**Your task**
The copy should begin at the line containing "この地震はイエローストーンの" and end with the last line below, every line exact and no picture included.

**Supplied data**

========

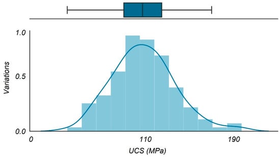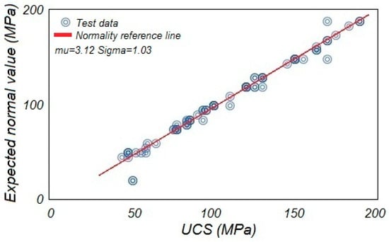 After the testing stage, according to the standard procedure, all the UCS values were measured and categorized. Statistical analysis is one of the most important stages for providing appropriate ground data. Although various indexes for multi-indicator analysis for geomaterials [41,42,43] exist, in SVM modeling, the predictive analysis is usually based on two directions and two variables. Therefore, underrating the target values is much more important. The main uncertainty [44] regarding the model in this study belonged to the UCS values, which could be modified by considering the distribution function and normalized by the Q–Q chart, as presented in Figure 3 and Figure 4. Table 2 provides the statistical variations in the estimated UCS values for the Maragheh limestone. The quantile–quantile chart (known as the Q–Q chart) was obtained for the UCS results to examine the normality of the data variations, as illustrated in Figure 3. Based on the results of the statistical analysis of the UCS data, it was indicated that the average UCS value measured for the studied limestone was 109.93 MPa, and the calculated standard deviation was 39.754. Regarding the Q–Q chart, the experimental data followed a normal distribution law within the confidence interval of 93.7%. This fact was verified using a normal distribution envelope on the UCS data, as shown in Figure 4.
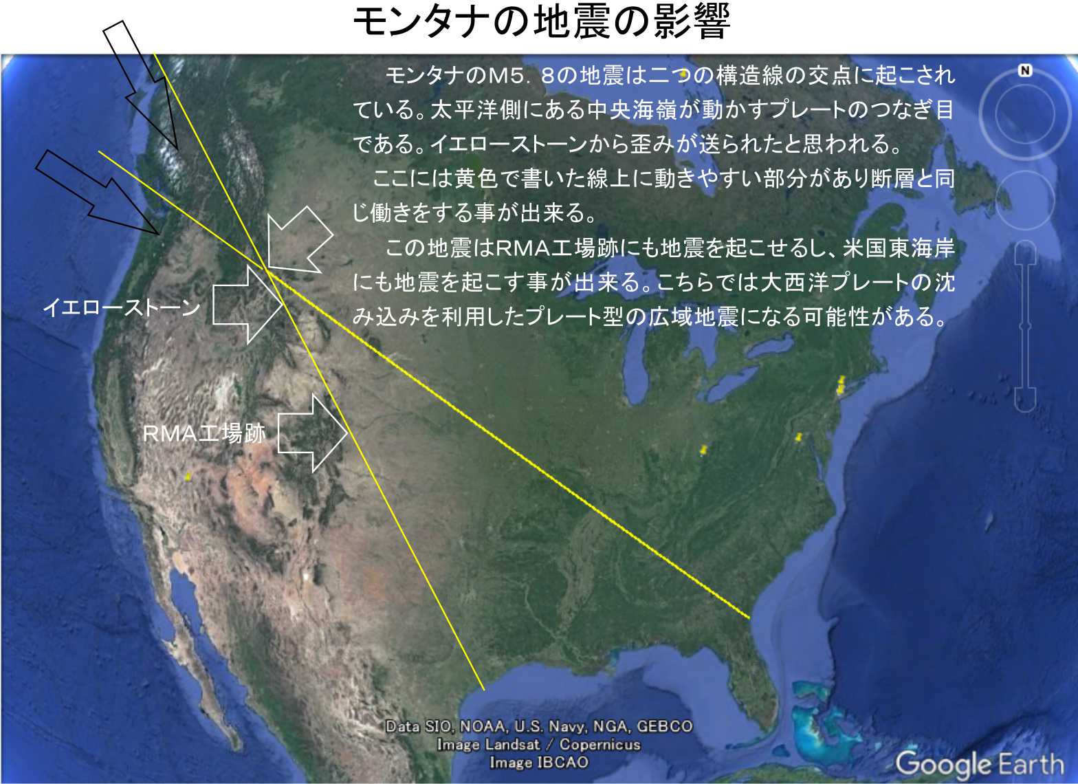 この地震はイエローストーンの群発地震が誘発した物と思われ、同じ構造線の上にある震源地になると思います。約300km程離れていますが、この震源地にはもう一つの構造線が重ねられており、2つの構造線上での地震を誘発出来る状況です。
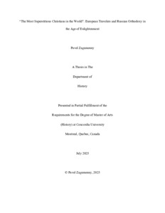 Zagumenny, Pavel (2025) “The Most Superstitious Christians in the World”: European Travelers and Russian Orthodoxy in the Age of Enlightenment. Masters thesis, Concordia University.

========

**Answer to the exercise**
 この地震はイエローストーンの群発地震が誘発した物と思われ、同じ構造線の上にある震源地になると思います。約300km程離れていますが、この震源地にはもう一つの構造線が重ねられており、2つの構造線上での地震を誘発出来る状況です。
 Zagumenny, Pavel (2025) “The Most Superstitious Christians in the World”: European Travelers and Russian Orthodoxy in the Age of Enlightenment. Masters thesis, Concordia University.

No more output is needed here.